# How to devide a tank and make it so you cant see though it ?



## Scherb (Feb 10, 2011)

Ok so i want to Divide my 40g long into sections. but i need one of the end sections to be visually separated, a temporary fix would be great. till date my only idea is, to place one piece of plexiglass to separate the tank where i want it and then place another piece of plexi a few mm away so i can slide some paper in between. both sections would have to be water tight. can one use tank background inside a tank ? or maybe a small fake rock background wall, any ideas appreciated.


----------



## neven (May 15, 2010)

You could always use black acrylic held in place with piece of glass channel (or clip) to the permanent clear divider, this way you can just slip them in when needed and not need to worry about it being water tight


----------



## er201 (Apr 21, 2010)

You could buy colored plexi from em plastics.


----------



## Scherb (Feb 10, 2011)

er201 said:


> You could buy colored plexi from em plastics.


i do need a water tight section, i have never herd of colored plexi is it tank safe ? cause that would work, any idea how much ?


----------



## Pamela (Apr 21, 2010)

Poret foam. I've never seen any for sale locally though.


----------



## sunshine_1965 (Aug 16, 2011)

You could always get some corrugated plastic from the hardware store and attach to a piece of egg crate also found in the hardware store and cut to the size you require. The egg crate is found in the lighting section. This is reasonably cheap and safe to use in the tank. Make sure to rinse all the dust off first. Good luck.


----------



## er201 (Apr 21, 2010)

Scherb said:


> i do need a water tight section, i have never herd of colored plexi is it tank safe ? cause that would work, any idea how much ?


I'm talking about cell caster acrylic sheets that come in colored. Like black/white, here's a link.
Cell Cast Acrylic Sheet - EM Plastic & Electric Products Ltd.


----------



## Scherb (Feb 10, 2011)

er201 said:


> I'm talking about cell caster acrylic sheets that come in colored. Like black/white, here's a link.
> Cell Cast Acrylic Sheet - EM Plastic & Electric Products Ltd.
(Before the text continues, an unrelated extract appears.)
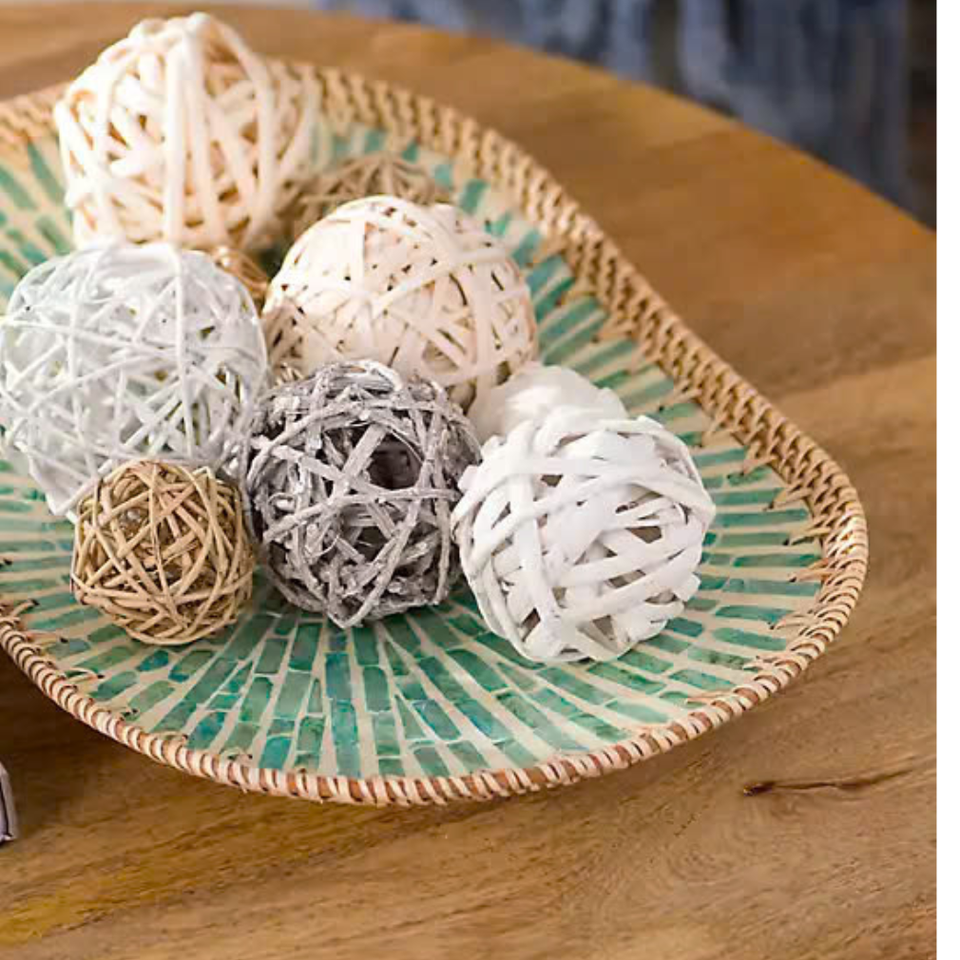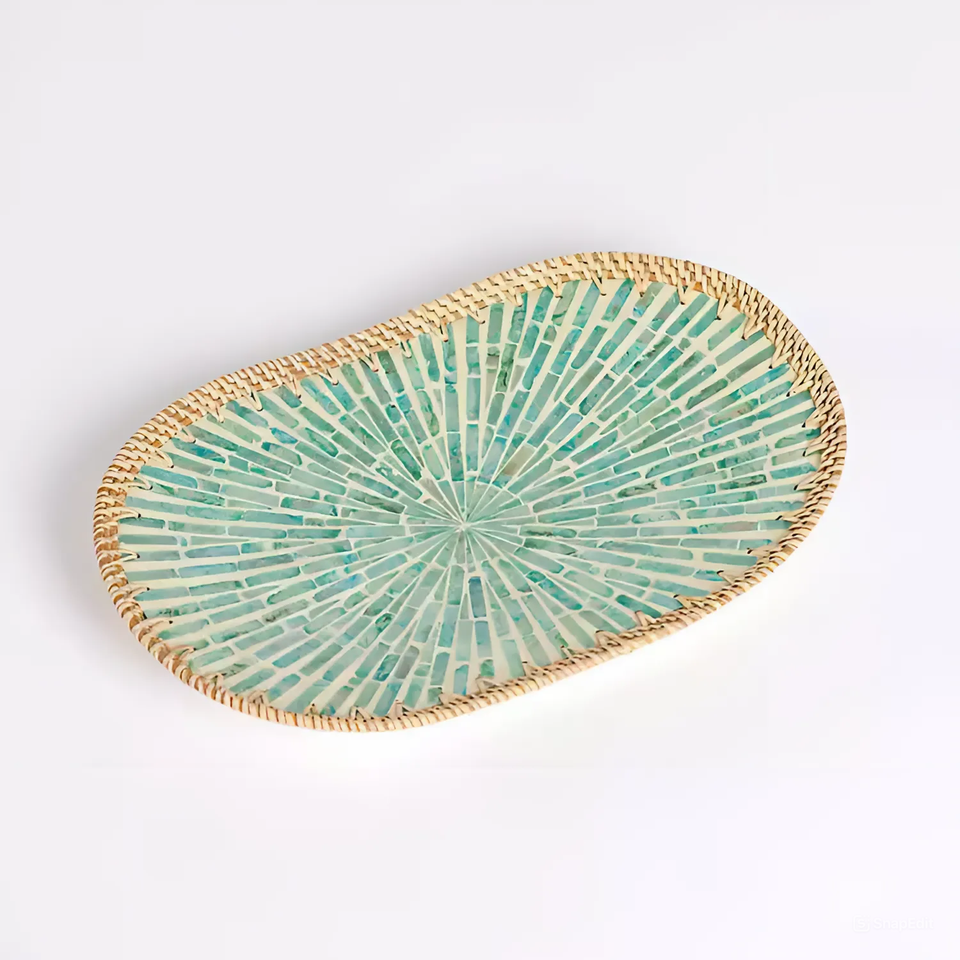 Plateau décoratif élégant en nacre turquoise et rotin pour affichage de boissons et de thé dans un décor de table à manger du Vietnam

That looks good but is it local ?


----------



## Scherb (Feb 10, 2011)

sunshine_1965 said:


> You could always get some corrugated plastic from the hardware store and attach to a piece of egg crate also found in the hardware store and cut to the size you require. The egg crate is found in the lighting section. This is reasonably cheap and safe to use in the tank. Make sure to rinse all the dust off first. Good luck.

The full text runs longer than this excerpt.